Рабочий день, наполненный, помимо производства, массой забавных разговоров, подошел к завершению. Миша вновь вернулся в пустую квартиру, без особой радости полюбовался отражением, в задумчивости постоял минуту перед бутылкой самогона и, поужинав, завалился на кровать. Смотреть телевизор не хотелось, читать тоже. Он просто лежал с закрытыми глазами и думал о том, как здорово было сажать на грудь Тимку и рассказывать ему про все на свете. Сон одолел Кудрешова через час.
– Привет, Миша! Я скучал. – Голос не звучал, а как-бы находился внутри Михаила. Складывалось ощущение, что некто нажимал на кнопку и позволял этому голосу себя обнаруживать. Не было и котенка, однако его белая пушистая шерстка отчетливо чувствовалась ладонью. Мужчина гладил то, чего не было, но понимал, что касается именно Тимки, рука трогала несуществующее животное. Человек знал это, как знал он и то, что спит, что зверек похоронен недалеко от дома, что сон нереален и абсурден.
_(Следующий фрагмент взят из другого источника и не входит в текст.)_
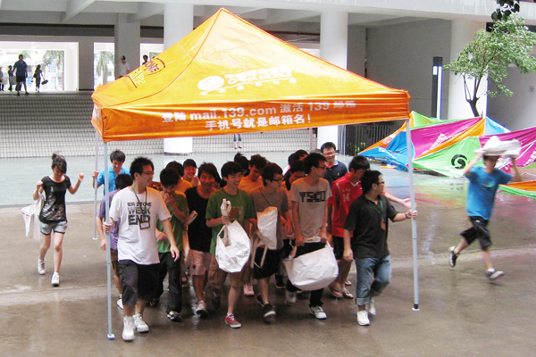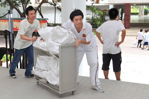 尽管刮风下雨,但仍然阻挡不了师生们的搬迁工作。

– И я скучал, мой маленький.
– А ты, Миша, изменился. Это оттого, что тебе предстоит прожить то, что я не прожил. Мое неистраченное время стало твоим. Лет двадцать, а то и больше. Мне с тобой уютно было, сытно, ты любил меня очень – значит, я бы долго жил. Только ты не беспокойся, что станешь старым и немощным. Я и здоровьем своим кошачьим с тобой поделился.
Нет, Михаил не был приверженцем мистических переживаний. Подобно начинающему наркоману, он пытался ощутить что-то доселе неизвестное, догадываясь, что загоняет себя в зависимость. Одновременно с этим, он прекрасно понимал, что сон – не стимулятор, а естественная жизненная потребность, что отказаться от него невозможно. Вариант своего душевного расстройства, могущий стать основанием для обращения к психиатру, мужчина отверг. «К чему что-то выяснять, если мне это доставляет удовольствие, я никому не мешаю, и никто про мои «ночные встречи» ничего не знает?»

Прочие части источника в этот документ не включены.